Im Raum war der Totenläufer gerade dabei aufzustehen. Der zweite Soldat hatte ihm den Rücken zugewandt. Auf dem Boden lag ausgestreckt die Frau aus seinem Team. Rote Linien zogen sich über grauen Beton. Tom zielte. Zwischen Helm und Schutzweste, dort wo der Nacken war, gab es einen empfindlichen Punkt. Er war leicht zu verfehlen, doch der Soldat war höchstens drei Meter entfernt und bewegte sich nicht. Die Kugel löste sich aus seiner Handfeuerwaffe und traf. Ein effektiver Streifschuss. Blut spritzte gegen die Wände und färbte sie rot. Aus dem Augenwinkel sah Tom, wie Neel Talwars Blick in seine Richtung schnellte, er die RMP7 hob und auf ihn richtete. Akkurat – perfekt.

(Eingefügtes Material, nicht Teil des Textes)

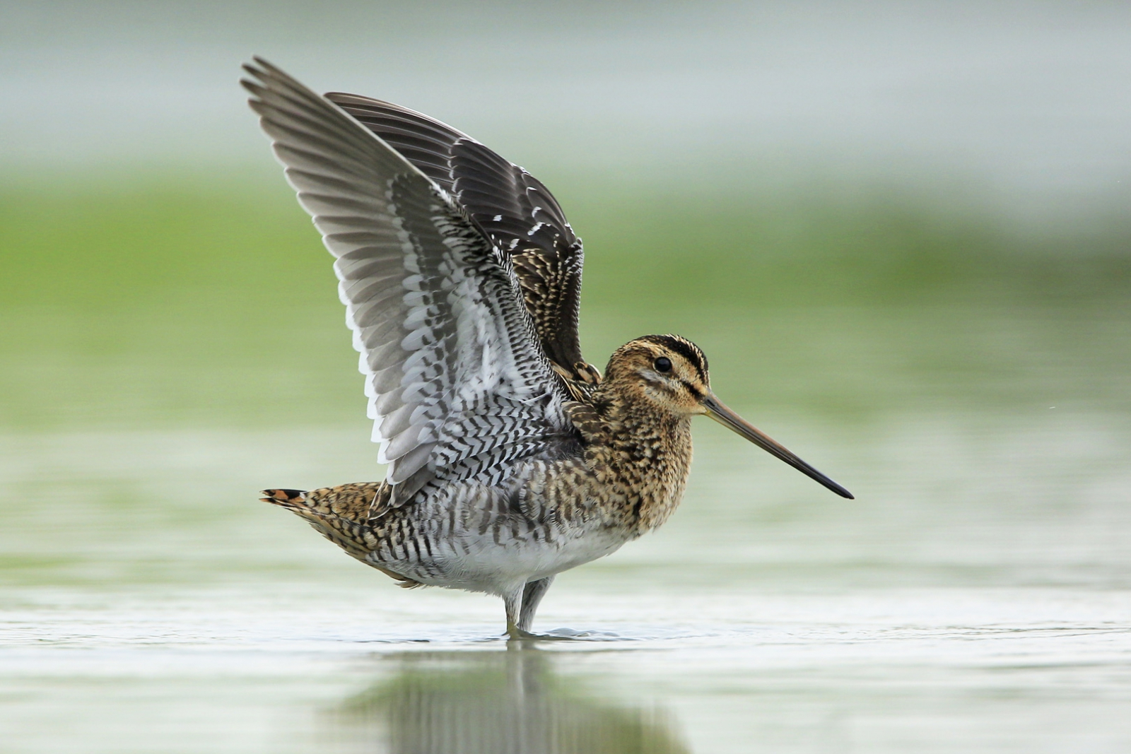 Een Watersnip laat even zijn veerkrachtige verenpracht zien...

Tom kehrte zurück in die Deckung. Kugeln bohrten sich in den Beton auf der gegenüberliegenden Wand. Ein wässriges Gluckern war zu hören. Ein Menschkörper sank zu Boden. Erledigt. Tom sah zum Notausgang. Würde der Totenläufer ihm folgen oder bei dem Soldaten bleiben, wenn er flüchtete? Wäre er bereit, seine Einheit im Stich zu lassen, um ihn zu jagen? Egal, er musste es riskieren.

Deshalb lief er zum Notausgang. Schnell und gradlinig. Kaum bog er rechts ab, schlugen Kugeln direkt hinter ihm ein. Meine Güte, wenn er nicht aufpasste, endete er als Zahl auf der Liste des Totenläufers.

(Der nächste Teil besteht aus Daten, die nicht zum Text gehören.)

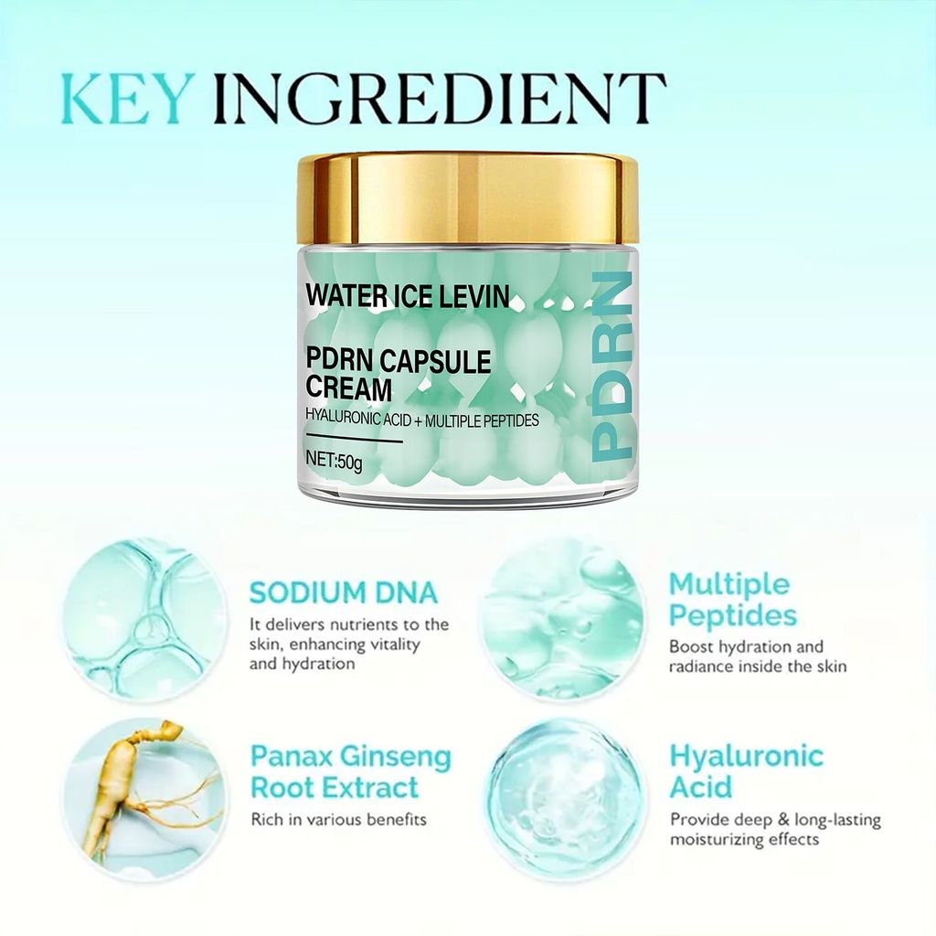 WATER ICE LEVIN PDRN Capsule Cream, featuring PDRN as the core rejuvenating ingredient, combined with hyaluronic acid and multiple peptides, in synergy with DNA sodium, ginseng root extract, deeply hydrates, soothes dryness, and helps enhance skin elasticity and firmness. The texture is refreshing and not heavy, easy to spread on the skin, absorbs well, leaving the skin moist without being sticky. It is suitable for use in the morning and evening. Consistent use over time can improve roughness and dullness, allowing the skin to present a delicate, bright, and lustrous water-like appearance. It is an ideal choice for daily moisturizing and repair.

Hastig lief er die Treppe hinunter. Das Adrenalin in seinen Adern pochte. Hinter ihm waren die Schritte Neel Talwars zu hören. Er gegen den Held der Stadt.

Gerade als er den Notausgang verließ, sich entschied, in Carens Richtung zu laufen und den Weg durch das Labyrinth aus Fluren und unfertigen Wohnungen zu suchen, kamen ihm die zwei Soldaten entgegen, die für die Deckung zuständig waren. Der Totenläufer musste sie kontaktiert haben. Sie sahen ihn und reagierten blitzschnell, doch Tom war schneller. Er schlug einen Haken und wechselte in einen Raum links von sich. Schüsse echoten durch den Rohbau. Keine Kugel traf ihn, aber es war knapp.

Fluchen von einem der Soldaten. Sie hatten ihm den Weg abgeschnitten. Sollte er Schutz suchen und in der Defensive bleiben, bis Jay mit seinem Team im Rohbau ankam, oder auf den Hinterhof flüchten, wo er eine laufende Zielscheibe war? Ihm blieben nicht viele Optionen. Er musste es schaffen, niemals endete er als Leiche vor den Füßen eines Mannes, dessen Seele rabenschwarz war.